> **ABOUT THIS EXERCISE**: Write out the listing below in full and exactly, leaving out every picture.

> **DATASET CONTENT**:
┄┄┄┄┄┄┄┄┄┄┄┄┄┄┄┄┄┄┄┄

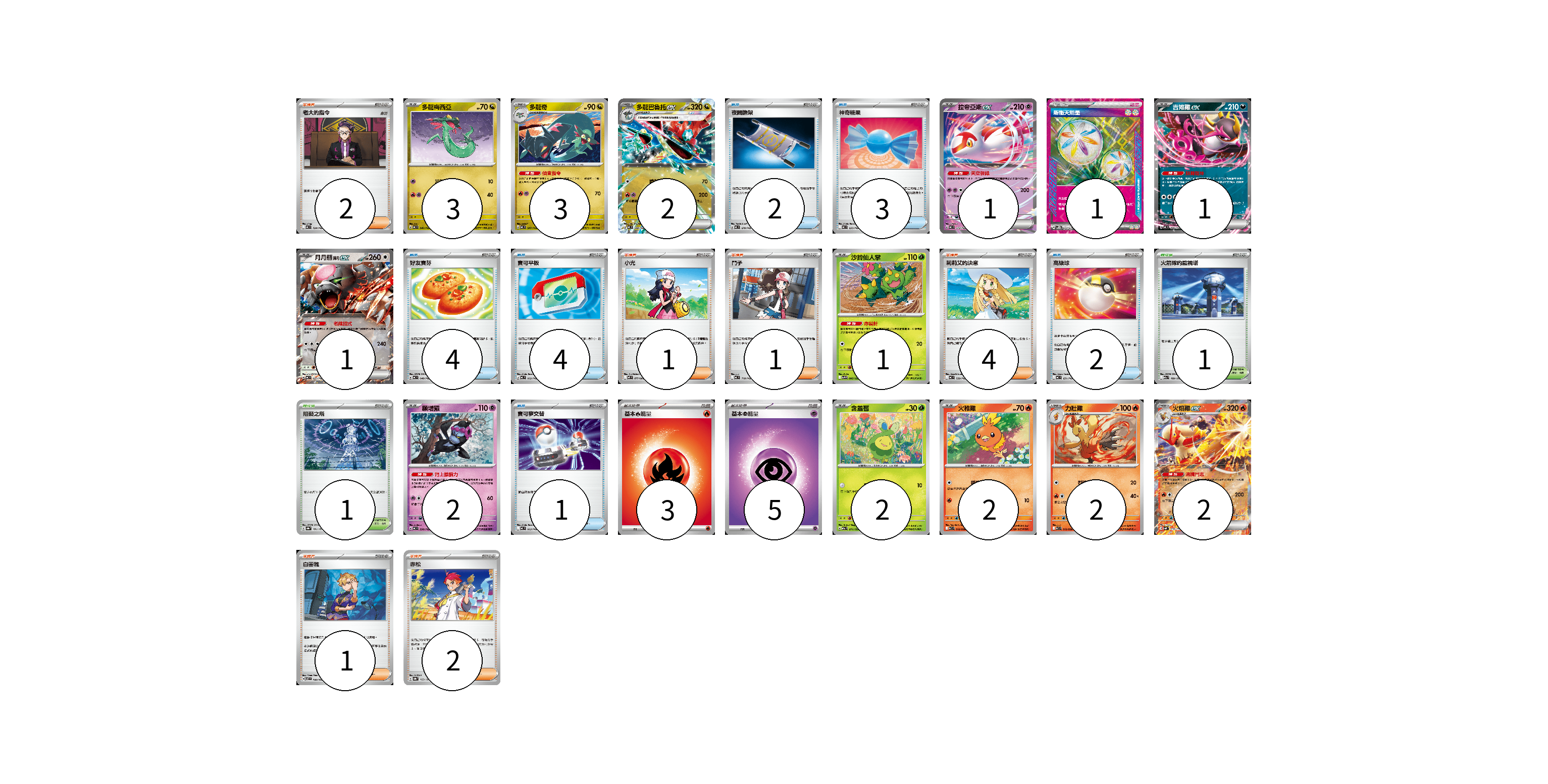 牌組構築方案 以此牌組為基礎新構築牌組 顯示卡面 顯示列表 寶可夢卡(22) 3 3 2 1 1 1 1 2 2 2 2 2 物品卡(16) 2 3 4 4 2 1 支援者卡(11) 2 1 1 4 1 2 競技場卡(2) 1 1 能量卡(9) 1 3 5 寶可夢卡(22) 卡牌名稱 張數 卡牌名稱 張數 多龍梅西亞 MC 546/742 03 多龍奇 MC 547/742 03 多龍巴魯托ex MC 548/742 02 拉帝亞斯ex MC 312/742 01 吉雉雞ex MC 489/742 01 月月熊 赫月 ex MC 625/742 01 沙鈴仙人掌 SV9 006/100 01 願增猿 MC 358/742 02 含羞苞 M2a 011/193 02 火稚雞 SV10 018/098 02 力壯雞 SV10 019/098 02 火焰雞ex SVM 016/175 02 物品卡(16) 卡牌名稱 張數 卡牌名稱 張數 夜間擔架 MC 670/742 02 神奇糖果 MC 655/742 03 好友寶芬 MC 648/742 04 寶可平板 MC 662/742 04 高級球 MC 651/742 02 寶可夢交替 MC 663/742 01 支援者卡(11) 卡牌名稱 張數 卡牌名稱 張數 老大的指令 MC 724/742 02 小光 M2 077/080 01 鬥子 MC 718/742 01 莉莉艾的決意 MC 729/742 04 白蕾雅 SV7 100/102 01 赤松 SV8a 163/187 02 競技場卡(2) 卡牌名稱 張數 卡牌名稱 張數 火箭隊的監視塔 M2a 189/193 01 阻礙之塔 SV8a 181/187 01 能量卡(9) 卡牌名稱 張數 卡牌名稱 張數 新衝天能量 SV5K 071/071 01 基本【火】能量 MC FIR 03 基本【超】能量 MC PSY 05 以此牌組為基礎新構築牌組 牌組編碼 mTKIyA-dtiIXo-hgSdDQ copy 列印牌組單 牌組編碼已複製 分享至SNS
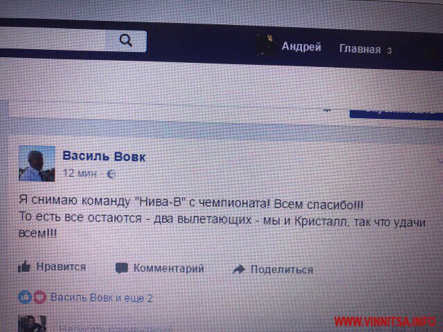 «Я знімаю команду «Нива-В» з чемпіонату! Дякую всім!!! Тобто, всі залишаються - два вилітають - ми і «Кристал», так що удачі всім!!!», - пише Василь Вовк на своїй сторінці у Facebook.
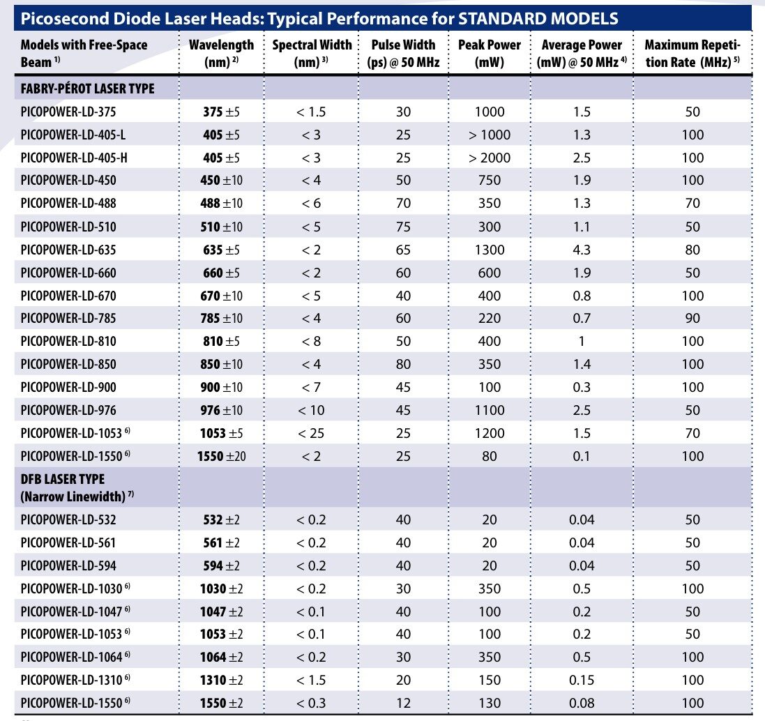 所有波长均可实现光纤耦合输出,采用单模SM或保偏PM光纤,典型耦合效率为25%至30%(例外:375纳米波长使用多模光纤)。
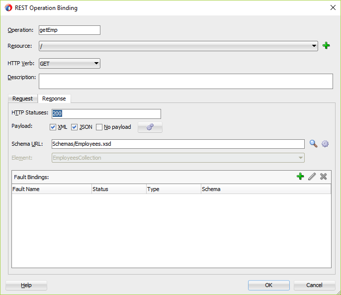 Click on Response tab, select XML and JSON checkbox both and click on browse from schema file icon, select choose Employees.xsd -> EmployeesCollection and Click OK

┄┄┄┄┄┄┄┄┄┄┄┄┄┄┄┄┄┄┄┄

> **ANSWER BOX**:
 牌組構築方案 以此牌組為基礎新構築牌組 顯示卡面 顯示列表 寶可夢卡(22) 3 3 2 1 1 1 1 2 2 2 2 2 物品卡(16) 2 3 4 4 2 1 支援者卡(11) 2 1 1 4 1 2 競技場卡(2) 1 1 能量卡(9) 1 3 5 寶可夢卡(22) 卡牌名稱 張數 卡牌名稱 張數 多龍梅西亞 MC 546/742 03 多龍奇 MC 547/742 03 多龍巴魯托ex MC 548/742 02 拉帝亞斯ex MC 312/742 01 吉雉雞ex MC 489/742 01 月月熊 赫月 ex MC 625/742 01 沙鈴仙人掌 SV9 006/100 01 願增猿 MC 358/742 02 含羞苞 M2a 011/193 02 火稚雞 SV10 018/098 02 力壯雞 SV10 019/098 02 火焰雞ex SVM 016/175 02 物品卡(16) 卡牌名稱 張數 卡牌名稱 張數 夜間擔架 MC 670/742 02 神奇糖果 MC 655/742 03 好友寶芬 MC 648/742 04 寶可平板 MC 662/742 04 高級球 MC 651/742 02 寶可夢交替 MC 663/742 01 支援者卡(11) 卡牌名稱 張數 卡牌名稱 張數 老大的指令 MC 724/742 02 小光 M2 077/080 01 鬥子 MC 718/742 01 莉莉艾的決意 MC 729/742 04 白蕾雅 SV7 100/102 01 赤松 SV8a 163/187 02 競技場卡(2) 卡牌名稱 張數 卡牌名稱 張數 火箭隊的監視塔 M2a 189/193 01 阻礙之塔 SV8a 181/187 01 能量卡(9) 卡牌名稱 張數 卡牌名稱 張數 新衝天能量 SV5K 071/071 01 基本【火】能量 MC FIR 03 基本【超】能量 MC PSY 05 以此牌組為基礎新構築牌組 牌組編碼 mTKIyA-dtiIXo-hgSdDQ copy 列印牌組單 牌組編碼已複製 分享至SNS
 «Я знімаю команду «Нива-В» з чемпіонату! Дякую всім!!! Тобто, всі залишаються - два вилітають - ми і «Кристал», так що удачі всім!!!», - пише Василь Вовк на своїй сторінці у Facebook.
 所有波长均可实现光纤耦合输出,采用单模SM或保偏PM光纤,典型耦合效率为25%至30%(例外:375纳米波长使用多模光纤)。
 Click on Response tab, select XML and JSON checkbox both and click on browse from schema file icon, select choose Employees.xsd -> EmployeesCollection and Click OK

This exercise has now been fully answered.